### TASK OBJECTIVE
For each entry below, please return its exact wording and leave out any picture.

INPUT DATA: Begin

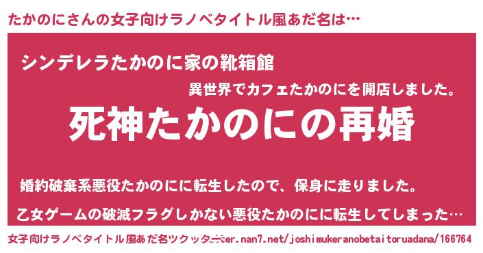 | 伝説のあだ名 | 『救世主となる占い師たかのに』 |
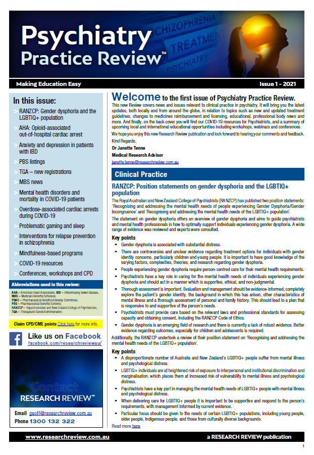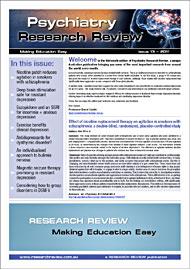 This Review features key medical articles from global psychiatry journals with commentary from Professors Nicholas Alexander Keks and Stephen TouyzThe Review covers topics such as neuropsychiatry, schizophrenia, antipsychotics depression, ADHD and SSRI's.
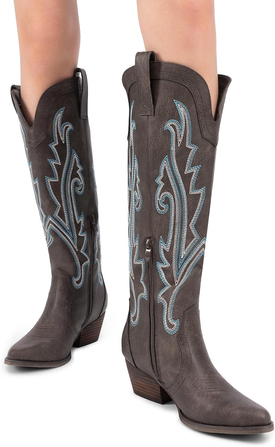 DREAM PAIRS Womens Cowboy Knee High Boots Comfortable Pull On Side Zipper Chunky Heel Embroidered Western Cowgirl Boots Retro Tall Boot(Brown)
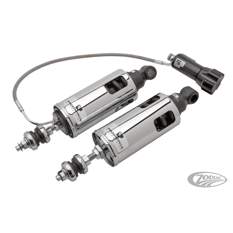 Les amortisseurs cachés sous le cadre rendent les réglages difficiles sur les cadres Softail. Plus maintenant avec ces Progressive Suspension 422 RAP (Remote Adjustable Preload). Ces amortisseurs haute performances ont un réglage de la précontrainte à distance situé derrière le repose-pied passager gauche. Le système RAP permet un réglage facile en fonction de la charge ou de la présence du passager. Ils sont également réglables de la hauteur stock à moins 2" avec l'utilisation d'outils normaux.
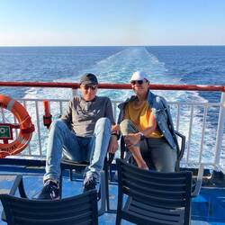 Ohne Probleme schummeln wir ihn ein und er fühlt sich gleich wohl in der Kabine. Lange sitzen wir in der Sonne und essen, relativ teuer, aber sehr gut in einem der Restaurants.Läs mer

INPUT DATA: End

### EXERCISE ANSWER
 | 伝説のあだ名 | 『救世主となる占い師たかのに』 |
 This Review features key medical articles from global psychiatry journals with commentary from Professors Nicholas Alexander Keks and Stephen TouyzThe Review covers topics such as neuropsychiatry, schizophrenia, antipsychotics depression, ADHD and SSRI's.
 DREAM PAIRS Womens Cowboy Knee High Boots Comfortable Pull On Side Zipper Chunky Heel Embroidered Western Cowgirl Boots Retro Tall Boot(Brown)
 Les amortisseurs cachés sous le cadre rendent les réglages difficiles sur les cadres Softail. Plus maintenant avec ces Progressive Suspension 422 RAP (Remote Adjustable Preload). Ces amortisseurs haute performances ont un réglage de la précontrainte à distance situé derrière le repose-pied passager gauche. Le système RAP permet un réglage facile en fonction de la charge ou de la présence du passager. Ils sont également réglables de la hauteur stock à moins 2" avec l'utilisation d'outils normaux.
 Ohne Probleme schummeln wir ihn ein und er fühlt sich gleich wohl in der Kabine. Lange sitzen wir in der Sonne und essen, relativ teuer, aber sehr gut in einem der Restaurants.Läs mer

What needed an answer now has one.